The St. Nikola Abbey is a former monastery of the Augustinian canons and today's mother house of the German Oratory Sisters in Passau, Lower Bavaria, Germany.

History
St. Nikola was donated by Altmann, Bishop of Passau, the former Kapellan of the Empress Agnes, around 1070 (30 September 1067 according to the Founding Letter; 3 March 1072 according to the privilege of Pope Alexander II). Soon after the foundation, the monastery became engulfed in the turmoil of investiture, and the canons of the monastery were expelled. In 1111, the penitent appears to be re-established, which is confirmed by a certificate of the possession of Emperor Henry V. By the passage of the Vogteirechte from the Formbacher-Viegernern to the Ortenburger, which were displaced by the dukes of Bavaria, the Passau bishops lost the pin 1248 to the Bavarian dukes. Thus, in contrast to the Princely Passau, the monastic complex was situated in the area of Bavaria.

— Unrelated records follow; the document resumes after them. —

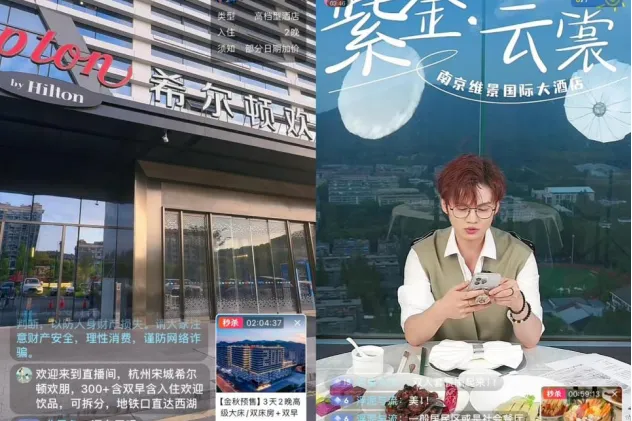 不少連鎖酒店如華住、錦江、希爾頓紛紛在抖音平台上通過「直播團購+日曆房」的形式銷售酒店客房產品,“希爾頓、金陵飯店、悦榕莊都來了,這個雙11有什麼理由不囤呢?”張真興奮表示,曾經高高在上、訂房動輒四位數起的高檔酒店和民宿,都在雙11閃現3位數的超低折扣,這讓花錢越來越謹慎的中產們,也有了“亂花漸欲迷人眼”的驚喜感。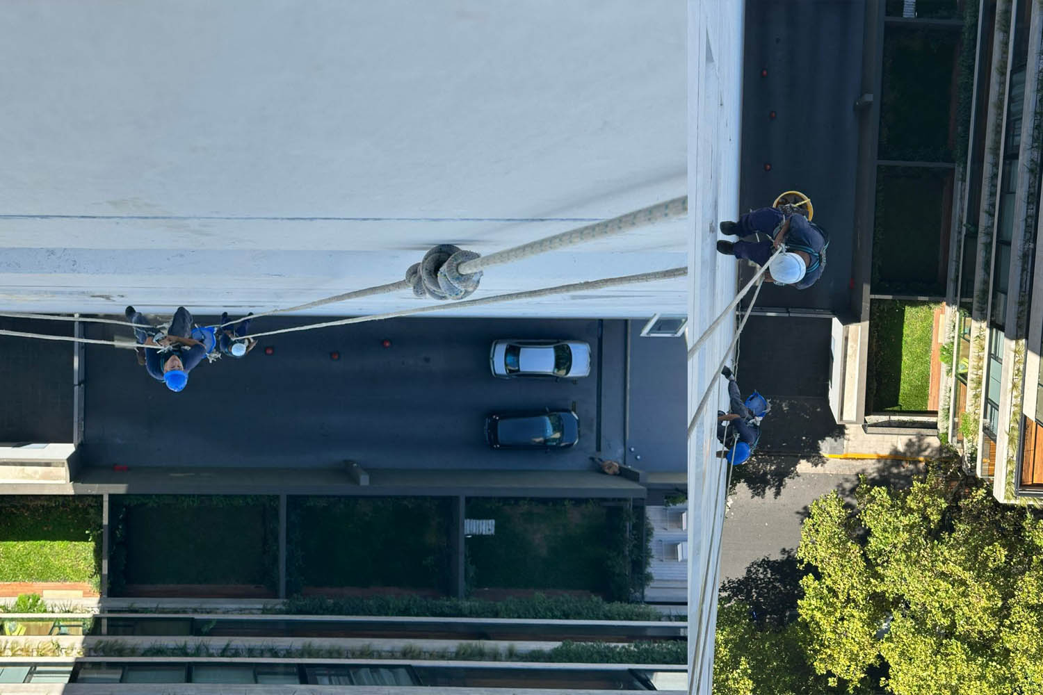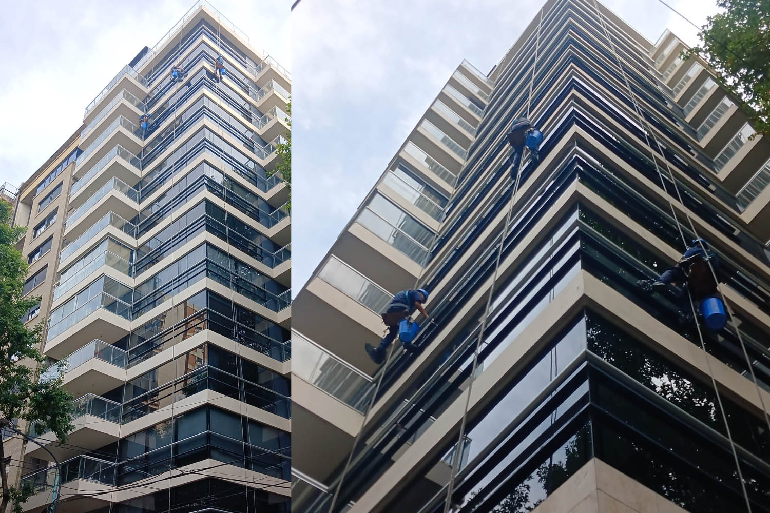 Nos especializamos en impermeabilización profesional de frentes y fachadas en altura, utilizando técnicas de acceso por cuerdas, aplicamos recubrimientos impermeables de alta resistencia que protegen las superficies contra filtraciones de agua, humedad, grietas y desgaste ambiental, trabajamos con materiales de primera línea.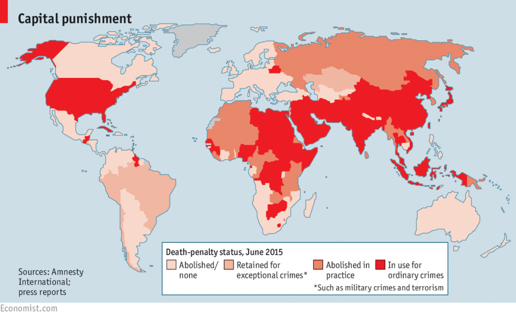 Bản đồ án tử hình thế giới tháng 6-2015. Ảnh: The Economist

The monastic life gave rise to criticism in the fifteenth century, as in a visitation by Nicholas Cusanus. In the 16th century, St. Nikola was captured by the Reformation. The prophet Thomas Gunner stepped over to the teaching of Luther, but had to flee to Austria in 1556. It was only in the course of further years that the counter-revolution could take root, as confirmed by the papal Nuncio Ninguarda in 1581, during his visitation. Since the prophet Claudius Aichel (1666–1683) the abbots of the monastery were given the right to bear the miter.

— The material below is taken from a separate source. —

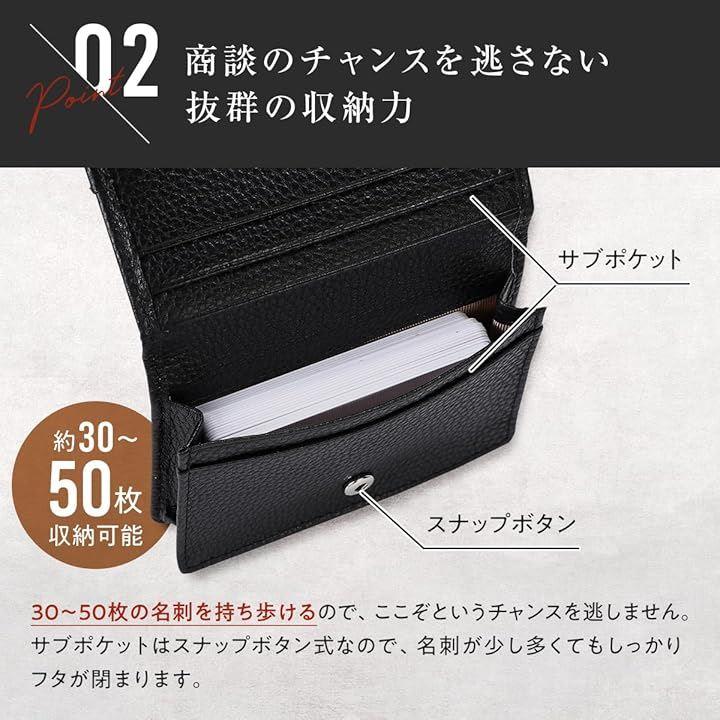 名刺を落とさないホルダー付きで、最大50枚の名刺を収納できます。

Several parishes were also incorporated into the monastery, namely Bavaria, Aidenbach, Alburg, Hartkirchen, Pocking and Mittich, and also in Austria Alkofen, Grieskirchen, Münichreith, Neukirchen, Wimsbach, Roitham at the Traunfall and Pollham. After the dissolution of the monastery, these became independent parishes, which were mostly cared for by the choir-makers of St. Nikola. The monastery of Sankt Oswald was briefly (1431–1563) supervised by St. Nikola, but then passed to the Benedictines. The last of the Exchorherren, Isidor Alois Reisinger, died on 8 May 1851 in Kirchdorf. The four Freihöfe of the monastery in the Habsburg countries were withdrawn by the Lower Austrian state property administration and later sold. The most important was probably the Nikolaihof in Mautern an der Donau; the former Turmhof in Horn now serves as a town hall, and also the Klosterneuburgger Hof in Klosterneuburg and the Freyhof in Aschach on the Danube.

In the Baroque period, the monastery building had offered a home and workshop to several generations of sculptors. Among them, Joseph Matthias Götz, and Joseph Deutschmann, for the time being the most important workshop of the sculpture system was located between Munich and Vienna.